As previously noted, a good prognostic model combines precision and ease of use. The risk class model is user-friendly and enables pathologists to provide clinicians with reliable prognostic information at the time of diagnosis based on histology alone. Prognostic models that incorporate multiple clinical and histopathological values may provide higher levels of precision, but could also be more vulnerable to fluctuating and/or modifiable factors, such as proteinuria and blood pressure. For example, the use of RAAS-blocking agents could reduce blood pressure, proteinuria, and eGFR. Certain predictors can indeed add predictive value to a model, however more is not always better, and the price of adding more variables to a prediction model are added risk of overfitting and make it less user-friendly [33]. Our model converts the MEST score into simpler, more understandable data without any loss in prognostic precision. Moreover, the internal validation of the models shows that there was no tendency toward overfitting, bearing great promise for similar performance levels in the case of an external validation. Current models provide accurate estimates of short-term outcomes, but they are not validated for long-term use. Approximately 50% of the patients in our cohort reached ESRD later than 8 years after diagnosis. Future studies should address this by attempting to create prediction models with higher accuracy in long term prediction, since many patients with IgAN are afflicted at a young age and will potentially live with their disease for most of their life span.

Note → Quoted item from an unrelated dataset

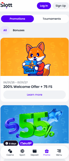 - Başlatma ve Oturum Açma: Kurulumdan sonra, Slott Casino app icon will appear on your home screen. Uygulamayı başlatın ve mevcut kimlik bilgilerinizle giriş yapın veya yeni bir hesap oluşturun.
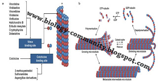 Gambar 1. (a) Senyawa-senyawa antimitotik yang mendepolimerisasi mikrotubul, (b) siklus polimerisasi dan depolimerisasi mikrotubul (Calligaris et al., 2010). Klik gambar untuk memperbesar.

There is currently no effective treatment for IgAN besides optimized supportive care, but immunosuppressive drugs may be considered in patients who demonstrate rapid progression to ESRD [34]. Reduction in proteinuria was recently approved by regulators as a surrogate endpoint for IgAN [35]; several clinical trials on proteinuria have since been initiated, bringing hope that an effective treatment may be within reach [3]. Future treatment emphasizes the importance of accurate prediction tools that can identify patients that might benefit from a specific therapy [6]. Several other morphological features, such as glomerular complement deposition [36] and macrophage count [37], have been identified as potential histopathological prognostic markers in IgAN. However, the lack of other robust biomarkers emphasizes the importance of kidney biopsies for prognostic information. It has been suggested that repeated kidney biopsies may provide clinicians with more accurate and up-to-date prognostic predictions [38]. Recent improvements in prognostic models, combined with developments in treatment alternatives, stress the importance of performing a kidney biopsy in patients with suspected IgAN [39].

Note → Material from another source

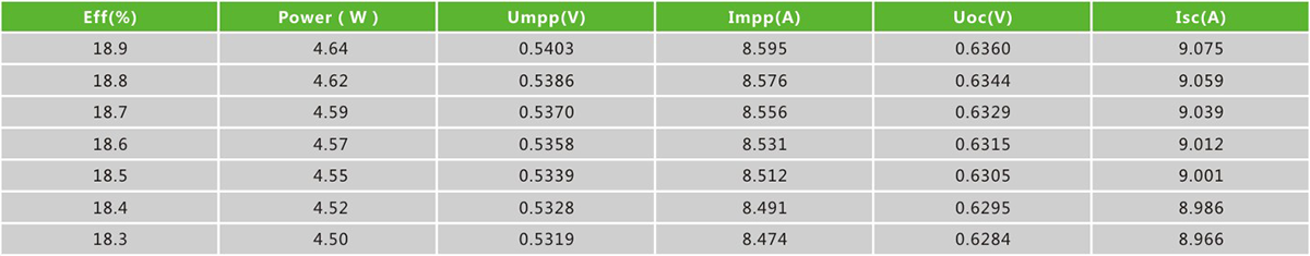 2、Front Busbar Width:0.7±0.1mm Fingers:120

The main limitations of this study are its relatively small sample size and retrospective study design. The lack of certain combinations of the MEST scores in the study cohort emphasizes the importance to explore the model in larger cohorts. However, this study also followed the participants over a long period of time, which enabled the use of a robust endpoint of ESRD compared to more uncertain surrogate endpoints, such as a > 50% decline in eGFR, the doubling of serum creatinine, or the rate of eGFR decrease, which have been used in other studies [19]. The data used in our study was also extracted from reliable sources. Additional studies can be performed on the same data to follow the course of treatment.

In conclusion, this study found that patients can be divided into risk classes based on their MEST scores. This creates a model that allows pathologists to provide clinicians with valuable prognostic information. We also demonstrated that the MEST score is a robust histopathological tool in predicting outcomes in patients with IgAN. The findings in this study should be verified with data from other cohorts [40].